The 2014-2015 season, despite being a very weak El Niño, was characterized by anomalously warm SSTs just off the Pacific Northwest coast. Scientists partially attribute the unusually poor snow year of 2014-2015 to these warm waters, with the four-station average snowpack reading languishing at less than 50% of the values observed in the 2024-2025 season.
While September 2025 began with very warm SSTs across the Northeast Pacific, these waters have since cooled significantly. Proximal waters are now approaching normal levels, a positive sign for potential snow accumulation.
Integrating ENSO with Coastal SSTs for Improved Prediction
A more comprehensive model that combines ENSO phase with nearshore West Coast Marine waters (often referred to as "The Blob") has shown promise in explaining snowpack variability. This combined model can account for approximately 25% of the inter-seasonal variability in snowpack.
The potential for an eastward spread of extraordinarily warm waters in the western North Pacific remains a factor to monitor. However, as long as these exceptionally warm waters remain west of Hawaii, the Pacific Northwest is likely to remain in the negative phase of the Pacific Decadal Oscillation (PDO).

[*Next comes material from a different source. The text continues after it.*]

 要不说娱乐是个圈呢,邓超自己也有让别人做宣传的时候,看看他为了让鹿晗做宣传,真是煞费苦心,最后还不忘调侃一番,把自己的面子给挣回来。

The Pacific Decadal Oscillation (PDO) and its Correlation with Snowfall
The State Climate Office notes that a negative PDO phase correlates with cooler, snowier periods for the region. An analysis of the PDO versus ENSO phase explains approximately 20% of the snowpack variance. This suggests that while ENSO plays a role, the broader, longer-term PDO cycle also significantly influences winter weather patterns.
Conclusion: A Call for Sustained Favorable Conditions
Forecasting winter snowpack in the Pacific Northwest is a complex endeavor, with ENSO and regional sea surface temperatures explaining, at best, around 25% of the variability observed in a 75-year dataset. The impending winter is likely to feature a weak La Niña that could transition into neutral conditions by mid-winter. This scenario portends a fairly typical snowpack for the region.

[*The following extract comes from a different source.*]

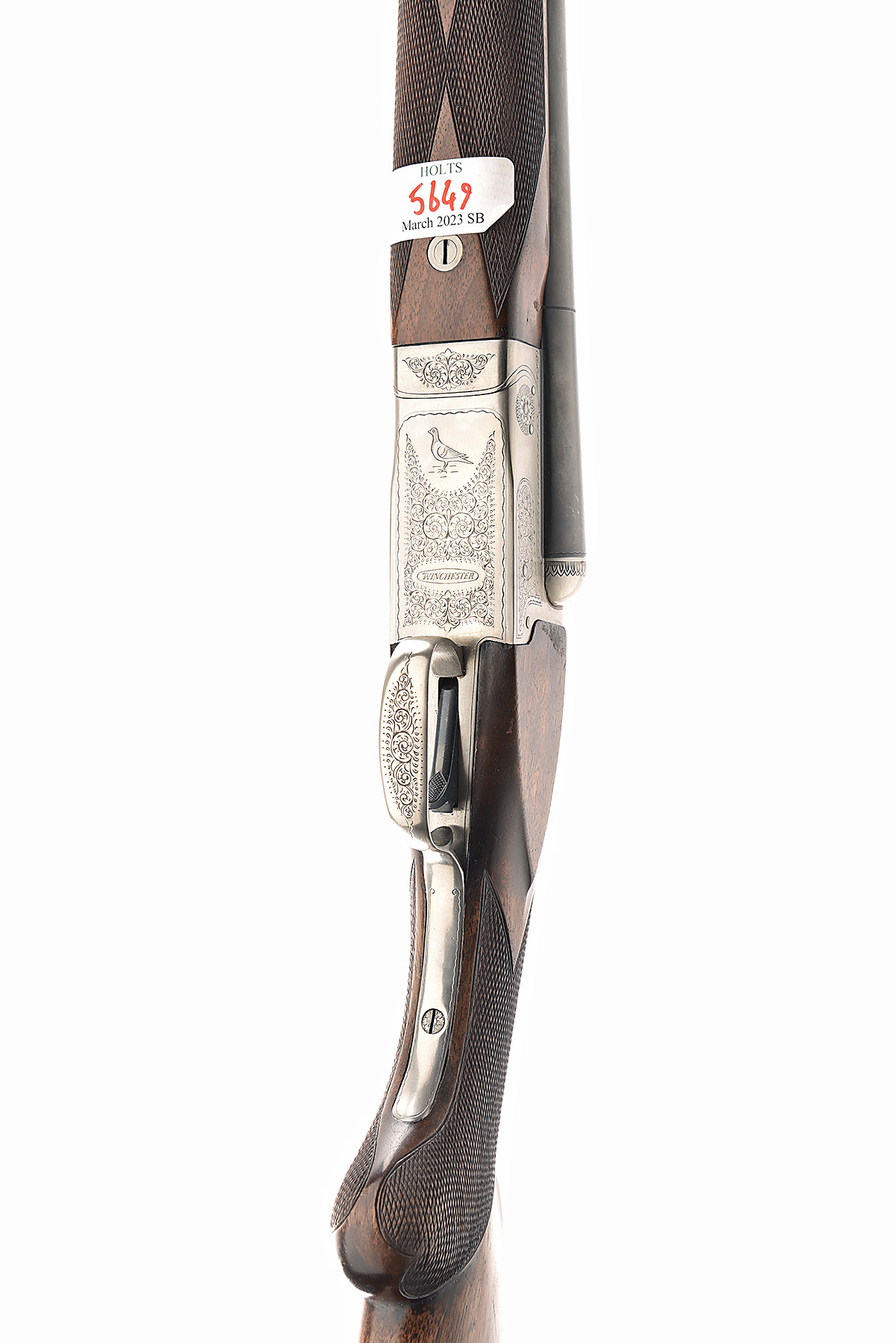 WINCHESTER 12-BORE (3IN.) 'MODEL 23 XTR PIGEON GRADE' SINGLE-TRIGGER BOXLOCK EJECTOR, serial no. PWK001242, circa 1990, 28in. nitro reproved (in 2023) barrels with 8mm raised ventilated matt rib, 3in. chambers, bored approx. imp. cyl. and 1/2 choke, manual safety with integral barrel-selector switch, chequered trigger, border and partial scroll engraving, coin finish, 14 1/4in. semi-pistolgrip stock including recoil pad, weight 6lb. 14oz.

The probability of a moderate or strong La Niña remains low. However, should such an event materialize, it would significantly increase the likelihood of deeper snowpacks. Regional sea surface temperatures have cooled to near-normal levels, offering some encouragement. Nevertheless, the presence of surrounding warm waters may limit the potential for further cooling.

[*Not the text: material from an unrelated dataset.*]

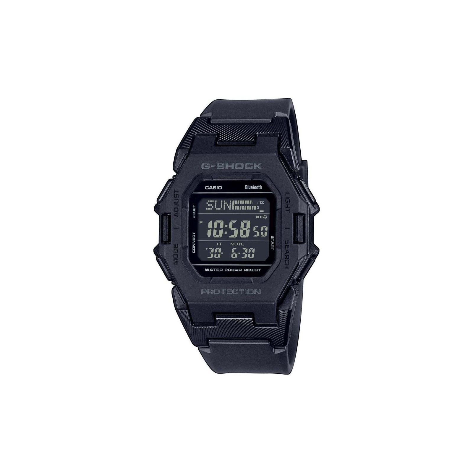 Robust black resin Casio G-Shock watch with a digital display and Bluetooth connectivity. Designed for durability and functionality, perfect for everyday wear.

Ultimately, achieving significantly above-average snowpacks will depend on a confluence of favorable conditions: sustained upwelling off the coasts of South America and North America, continued cool-phase PDO conditions, and robust marine ecosystems supporting healthy fish populations. Ski resorts, water resource managers, and outdoor enthusiasts will be closely watching these indicators as the winter season unfolds.
Disclaimers: This analysis is based on current scientific understanding and forecasts, which are subject to change. Snowpack accumulation is influenced by numerous dynamic factors, and precise predictions remain challenging.